В качестве иллюстрации он согнул пальцы.

— Что? — переспросила я, сбитая с толку.

Джейми вытянул средний палец левой руки и несколько раз сунул его в середину неплотно сжатого кулака в недвусмысленном жесте.

— Дырка, — кратко пояснил он.

— Да ты врешь! Неужели они для этого так делают?

Он слегка наморщил лоб, но тут же расслабился.

— Думаешь, я шучу? Вовсе нет, англичаночка. Этот малый говорит, — он кивнул в сторону мистера Уиллоби, — что это самое удивительное ощущение. Для мужчины.

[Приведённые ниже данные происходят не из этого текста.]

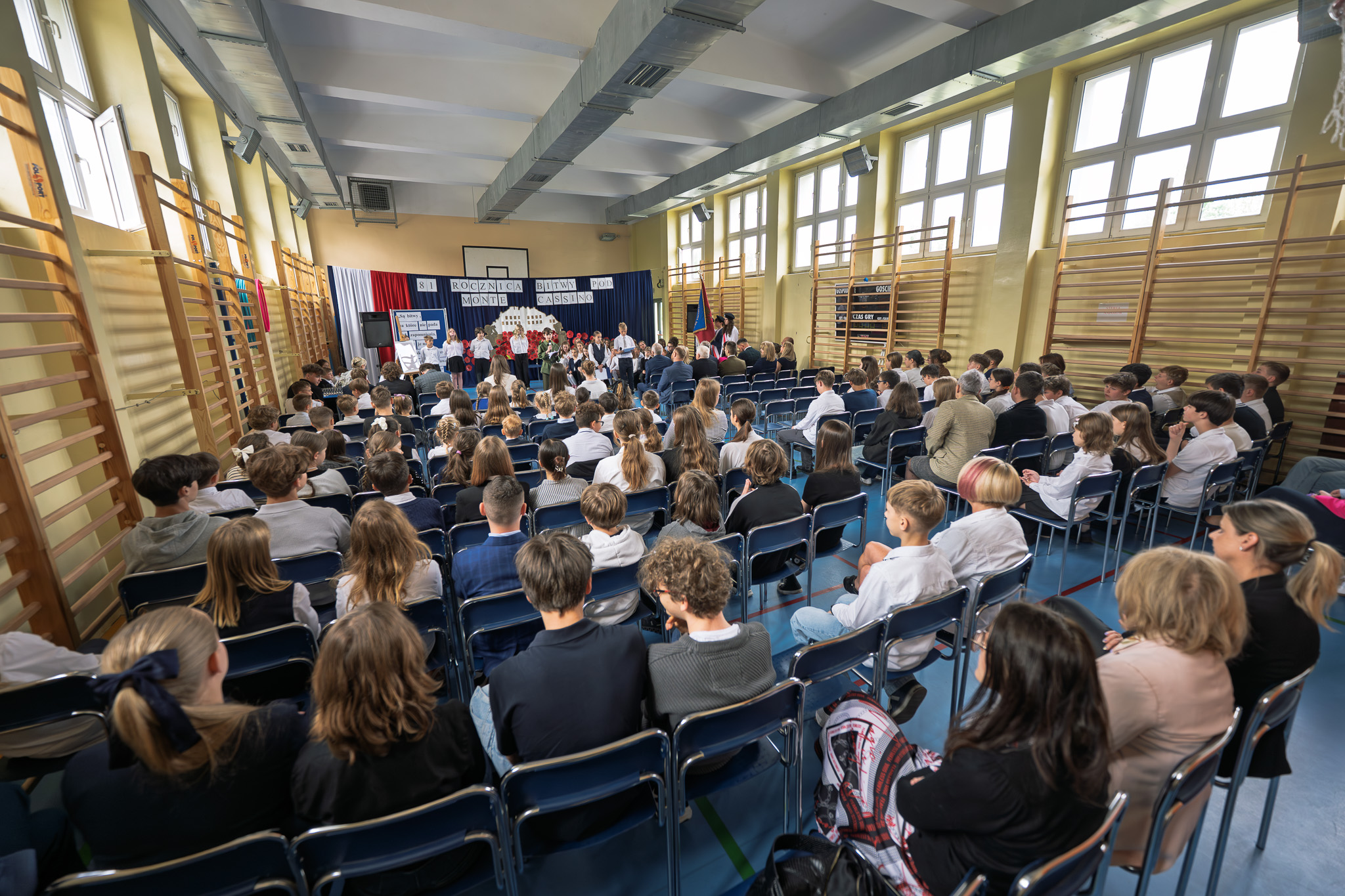 Uroczystość rozpoczęła się wprowadzeniem Sztandaru Szkoły, następnie głos zabrał dyrektor Dariusz Jureczko, po czym wybrzmiał pełen pięknych emocji program artystyczny, w którym wystąpili niezwykle utalentowani uczniowie przygotowani pod kierunkiem nauczycieli Szkoły. Nawiązująca do wydarzeń jakie rozgrywały się 81 lat temu pod Monte Cassino, oparta na pieśniach oraz wierszach stanowiących swoistą kronikę dramatycznych losów i chlubnego szlaku bojowego 2 Korpusu Polskiego akademia była prawdziwą lekcją patriotyzmu. Nad wyraz emocjonalne wykonanie poruszającej pod względem treści, jak i warstwy muzycznej pieśni „Czerwone maki na Monte Cassino” wywołało nieudawane wzruszenie.
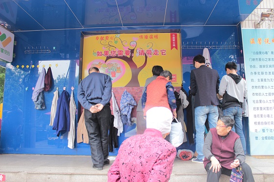 服务部学生干部带头捐赠,他们收集了许多闲置的干净衣物挂在爱心墙上,有棉衣、外套、衬衫等等,为需要的人们送去一份温暖,献出一份爱心。路过的一些老人了解情况后,纷纷挑选自己需要的衣物,脸上露出开心幸福的笑容。(供稿人:校学生会王静宜)
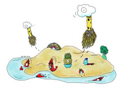 In the process of creation, the South Korean concept is to draw that which others do not draw and to make use of simple colour schemes, to evoke happiness and think what others do not think of in order to create stories pertinent to themselves. Within her paintings of an altered state Korea, unfamiliar people, filled with hate drift along the streets, going about their business can be found.

— Ах он маленький извращенец!

Джейми мое возмущение насмешило.

— Ну да, так и команда считает. Разумеется, он не может добиться того же от европейской женщины, но, как я подозреваю… пытается то здесь, то там.

Я начинала понимать, почему команда настроена по отношению к маленькому китайцу недружелюбно. Даже краткого знакомства хватило, чтобы понять, что моряки в большинстве своем натуры романтические и к женщинам относятся соответственно, потому что большую часть года лишены женского общества.

Я хмыкнула, взглянув на мистера Уиллоби с подозрением.

— Ладно, с ними все ясно, но как насчет него?

— Тут все чуточку сложнее, — с усмешкой ответил Джейми. — Видишь ли, с точки зрения мистера И Тьен Чо, все, кто не проживает в Поднебесной, — варвары.

— Правда?

Я непроизвольно бросила взгляд на Броди Купера, спускавшегося сверху по вантам: снизу были хорошо видны его грязные, мозолистые ступни. Поневоле подумаешь, что нет дыма без огня.

— Даже ты?

— О, разумеется. Послушать его, так я грязный, дурно пахнущий гао-фе, что означает «демон-чужеземец», и к тому же вонючий, как хорек — кажется, именно так переводится выражение «хуан-шу-лан», — а морда у меня как у горгульи.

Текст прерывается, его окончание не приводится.